__Supplied records__:
[Start of Attachment]

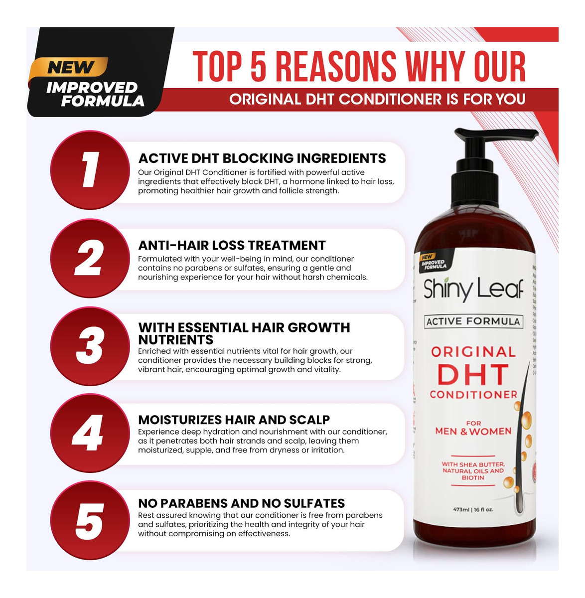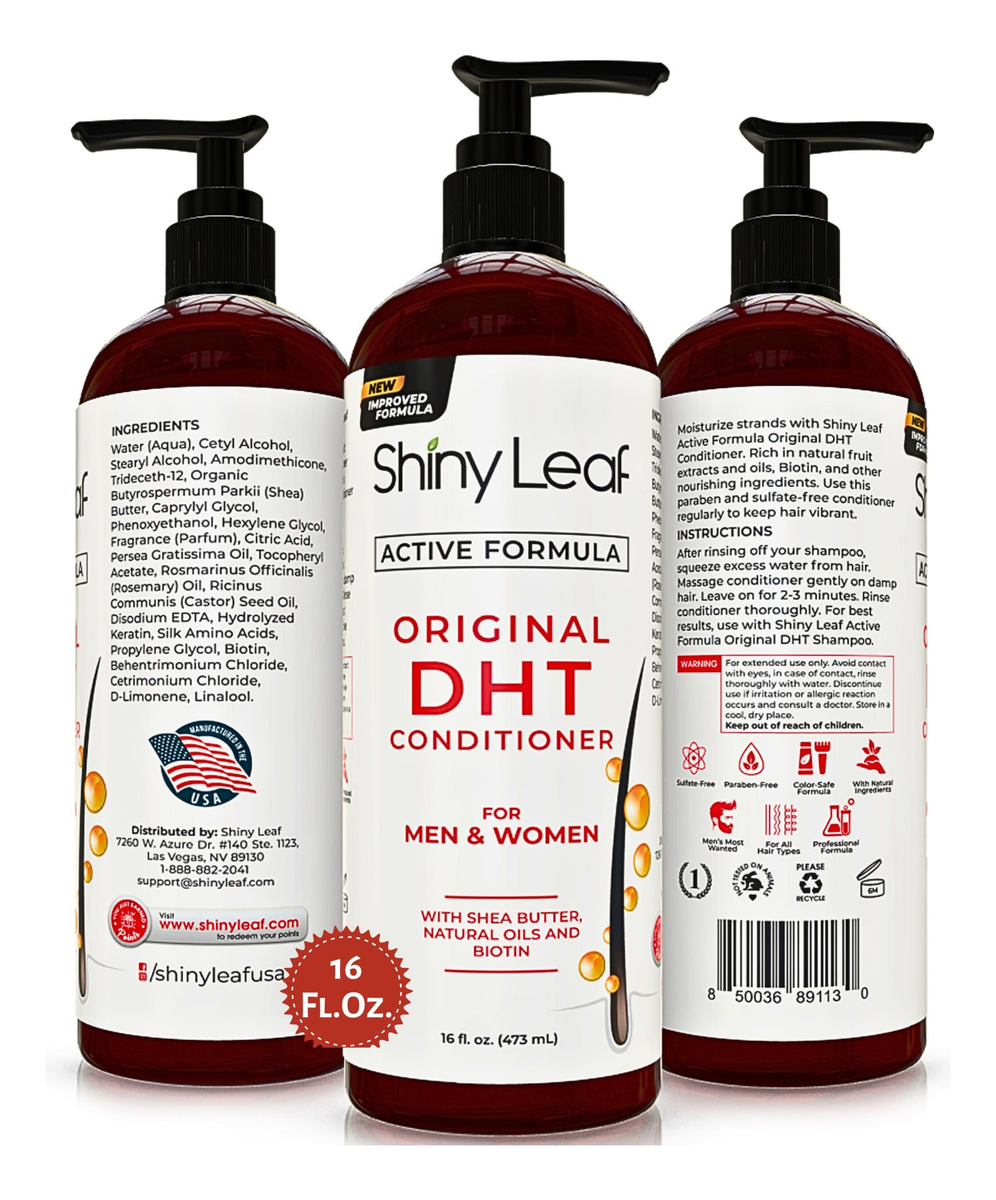 O condicionador bloqueador de DHT Shiny Leaf contém uma mistura potente de ingredientes bloqueadores de DHT, bem como componentes nutritivos para o cabelo. Esta fórmula incrível mantém os folículos capilares saudáveis, produzindo fios mais grossos e fortes. Better Than Your Normal Conditioner Os ingredientes bloqueadores de DHT aumentam sua rotina de cuidados com o cabelo quando você usa o condicionador de crescimento capilar Shiny Leaf Active Formula DHT Blocker. Sabe-se que os extratos de alecrim e chá verde encontrados em cada frasco deste incrível condicionador bloqueiam o DHT. O DHT é um hormônio conhecido por ser responsável pela queda e queda de cabelo. Eles atacam os folículos pilosos, fazendo com que eles encolham e acabem morrendo. Quando isso acontece, o cabelo fica mais fino até que não haja nenhum. O bloqueio do DHT efetivamente mantém os folículos saudáveis para que eles continuem a criar novos cabelos. Condicionador DHT hidratante Shiny Leaf DHT Blocker O condicionador de perda de cabelo para homens e mulheres é preenchido até a borda com ingredientes que hidratam o cabelo e o couro cabeludo. Óleo de rícino, manteiga de karité e aminoácidos de seda são apenas alguns dos muitos componentes que mantêm o cabelo macio e suave. Adicione vitamina E e extratos vegetais naturais à mistura e você terá cabelos saudáveis e brilhantes. Outras características do condicionador bloqueador de DHT Shiny Leaf Este condicionador bloqueador de DHT faz mais pelo cabelo do que apenas combater a queda e a queda de cabelo. Algumas de suas características incríveis incluem: Fórmula sem parabenos e sulfatos Não testada em animais Fortalece o cabelo da raiz às pontas Hidrata o cabelo para combater o crespo e o ressecamento – CONDICIONADOR BLOQUEADOR DE DHT O bloqueio do DHT é a chave para acabar com os problemas de queda e queda de cabelo. O condicionador bloqueador de DHT Shiny Leaf bloqueia eficazmente o DHT para que o cabelo permaneça saudável e delicioso. – SOLUÇÃO ANTI-QUEDA DE CABELO Nutre o cabelo com vitaminas e minerais para manter cada fio forte e livre de quebras. Use nosso condicionador bloqueador de DHT anti-queda de cabelo para ver a diferença entre homens e mulheres – CABELOS MACIOS E MACIOS Obtenha cabelos lindos com a ajuda do condicionador de crescimento capilar Shiny Leaf DHT Blocker. Repleto de extratos vegetais naturais, este condicionador elimina o frizz para que o cabelo permaneça brilhante e macio. – HIDRATA O CABELO E O COURO CABELUDO Nosso condicionador bloqueador de DHT contém vitamina E e óleo de rícino que trabalham duro para manter o cabelo hidratado e livre de danos. – SEM PARABENOS E SULFATO Criamos produtos com ingredientes que não prejudicam seus cabelos e retiram a cor do cabelo. Você não encontrará parabenos ou sulfatos em nossos produtos para o cabelo.
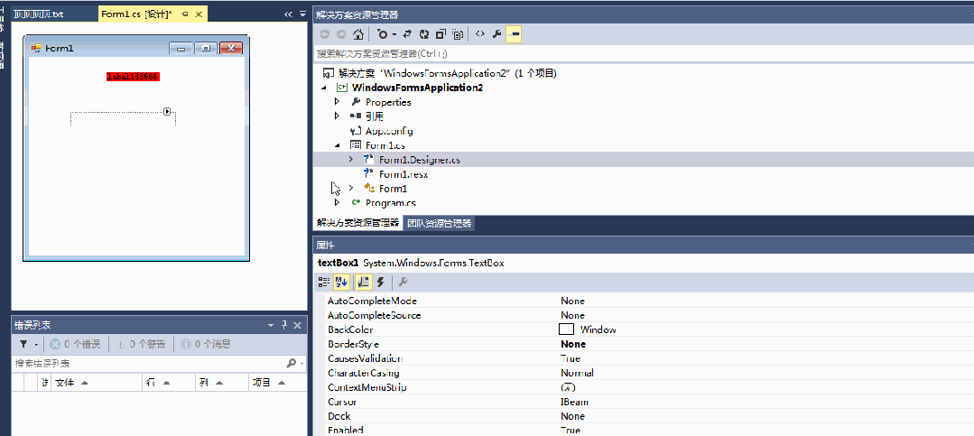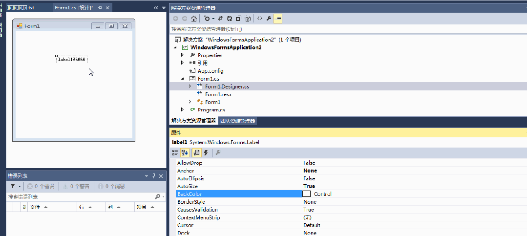 Label一般用于显示文本或者作为"按钮使用",当作为显示文本使用时,通过设置label的Text属性实现,当作为“按钮使用时”,在label的单击事件下注册事件即可,下面详细介绍label的属性以及事件:
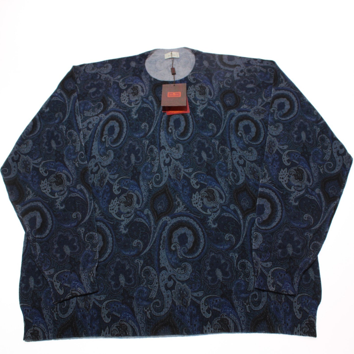 Etro NWT Pullover Crew Neck Sweater Size XXL in Blue Paisley 100% Wool
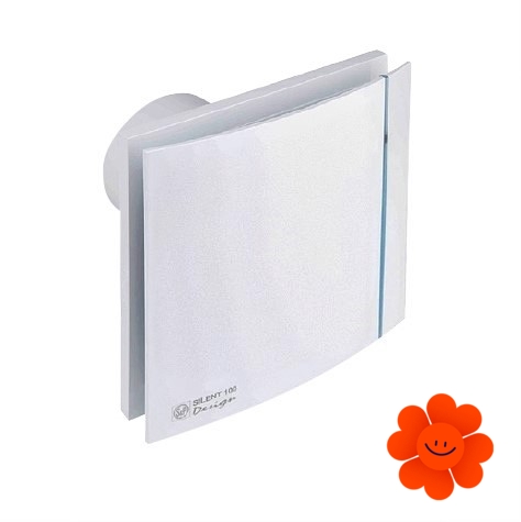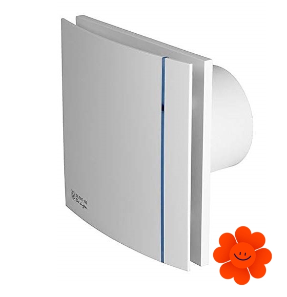 Ventilator Silent 100 Design 12V CZ ist das Grundmodell mit der Rückluftsperrklappe und den Kugellagern. Er hat elegante silberfarbene Ausführung.
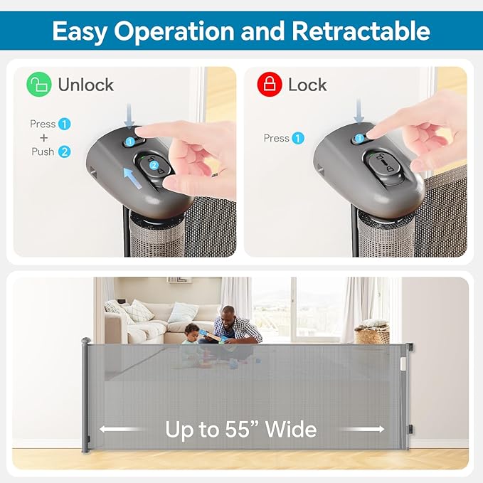 - 【Easy Operation Retractable Gate】Easy to use with just one hand, simply press and push the button to lock and unlock the safety gate, even when you're holding your baby or carrying toys and diapers, baby gate retracted away when not in use, saving space
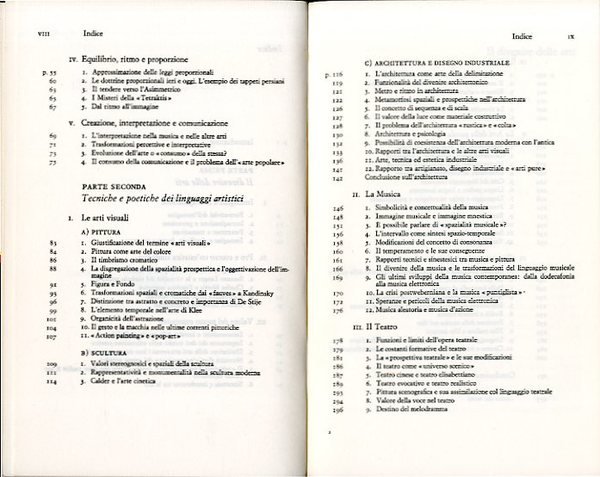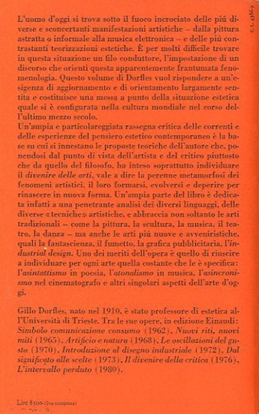 2. ed. X, 284 p. ; 19 x 12 cm. Reprints Einaudi. L'uomo oggi si trova sotto il fuoco incrociato delle più diverse e sconcertanti manifestazioni artistiche e delle più contrastanti teorizzazioni estetiche. È per molti difficile trovare in questa situazione un filo conduttore, l'impostazione di un discorso che orienti questa frantumata fenomenologia. Il volume di Dorfles vuol rispondere a un'esigenza di orientamento largamente sentita e costituisce una messa a punto della situazione estetica quale si è configurata nella cultura mondiale nel corso della seconda metà del Novecento. Brossura editoriale, coperta in cartoncino flessibile colorato (arancione, b/n). Codice libreria 1457.
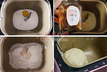 21、将面包机桶放入面包机中,开启烘焙模式,烤焙时间50分钟,中烧色。
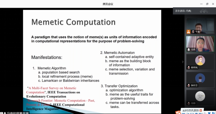 在报告会上,首先由冯亮教授为我们介绍了Memetic算法的相关知识。冯亮老师先是传统的角度介绍Memetic算法是全局搜索与局部搜索相结合一种算法。由于局部搜索的引入,相比于单纯的全局搜索,Memetic算法在复杂优化问题中取得了很大的成功。然而,Meme的定义本身并非局限于局部搜索。随后冯亮老师结合实际应用中的实例为我们介绍Memetic Computation还包含Memetic Automaton和Transfer Optimization。冯亮老师指出关于Meme本身的定义挖掘,从而设计更多的Memetic计算框架,从而改进问题求解效率是目前Memetic计算领域的热点方向之一。
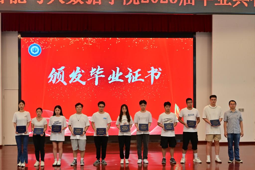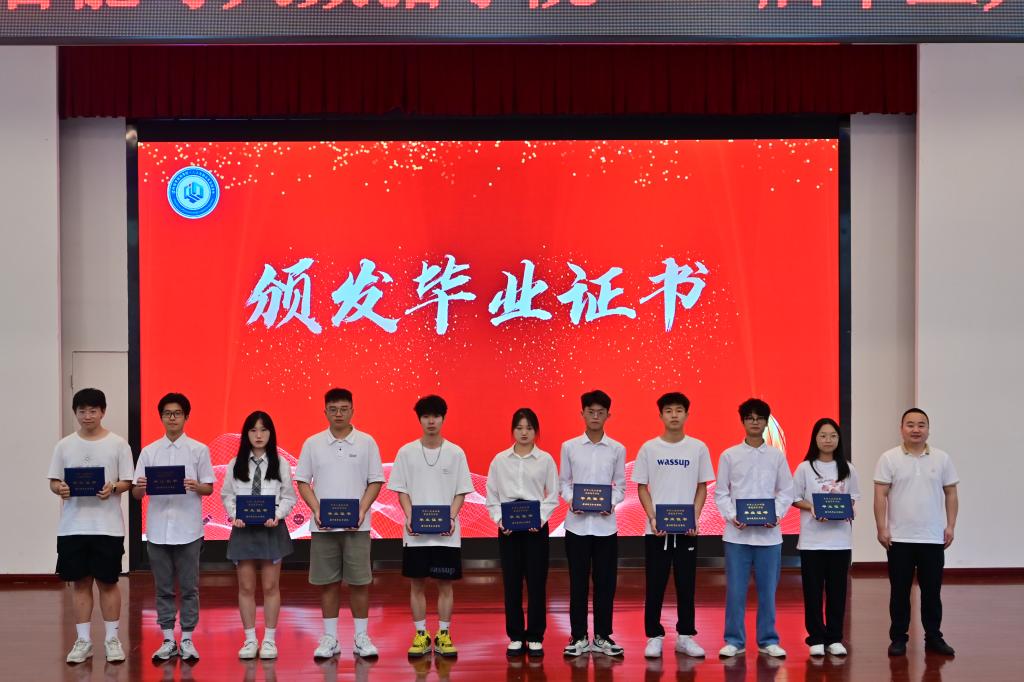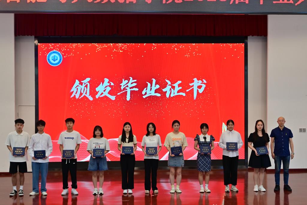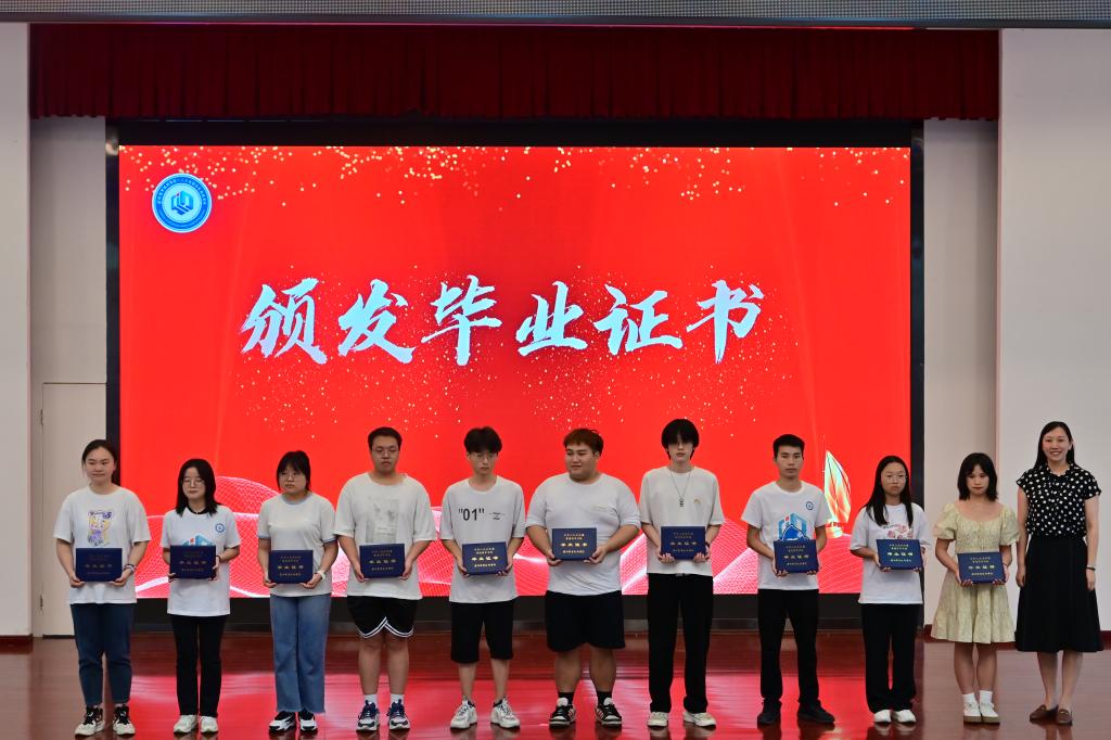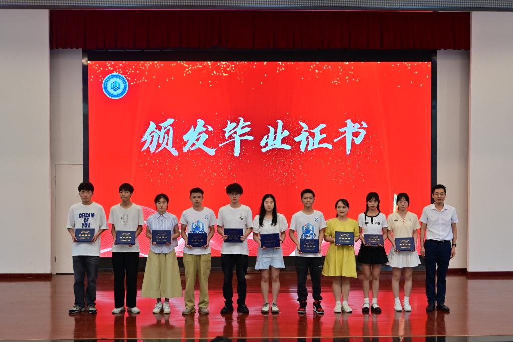 高娜、卢正才、龙小宏、夏汛、袁兵依次为2023届毕业生代表颁发毕业证书。

[End of Attachment]

Nothing but the lines from the one that holds "Ventilator Silent 100" through the end of the data should appear, written out exactly, without pictures.

__Answer box__:
 Ventilator Silent 100 Design 12V CZ ist das Grundmodell mit der Rückluftsperrklappe und den Kugellagern. Er hat elegante silberfarbene Ausführung.
 - 【Easy Operation Retractable Gate】Easy to use with just one hand, simply press and push the button to lock and unlock the safety gate, even when you're holding your baby or carrying toys and diapers, baby gate retracted away when not in use, saving space
 2. ed. X, 284 p. ; 19 x 12 cm. Reprints Einaudi. L'uomo oggi si trova sotto il fuoco incrociato delle più diverse e sconcertanti manifestazioni artistiche e delle più contrastanti teorizzazioni estetiche. È per molti difficile trovare in questa situazione un filo conduttore, l'impostazione di un discorso che orienti questa frantumata fenomenologia. Il volume di Dorfles vuol rispondere a un'esigenza di orientamento largamente sentita e costituisce una messa a punto della situazione estetica quale si è configurata nella cultura mondiale nel corso della seconda metà del Novecento. Brossura editoriale, coperta in cartoncino flessibile colorato (arancione, b/n). Codice libreria 1457.
 21、将面包机桶放入面包机中,开启烘焙模式,烤焙时间50分钟,中烧色。
 在报告会上,首先由冯亮教授为我们介绍了Memetic算法的相关知识。冯亮老师先是传统的角度介绍Memetic算法是全局搜索与局部搜索相结合一种算法。由于局部搜索的引入,相比于单纯的全局搜索,Memetic算法在复杂优化问题中取得了很大的成功。然而,Meme的定义本身并非局限于局部搜索。随后冯亮老师结合实际应用中的实例为我们介绍Memetic Computation还包含Memetic Automaton和Transfer Optimization。冯亮老师指出关于Meme本身的定义挖掘,从而设计更多的Memetic计算框架,从而改进问题求解效率是目前Memetic计算领域的热点方向之一。
 高娜、卢正才、龙小宏、夏汛、袁兵依次为2023届毕业生代表颁发毕业证书。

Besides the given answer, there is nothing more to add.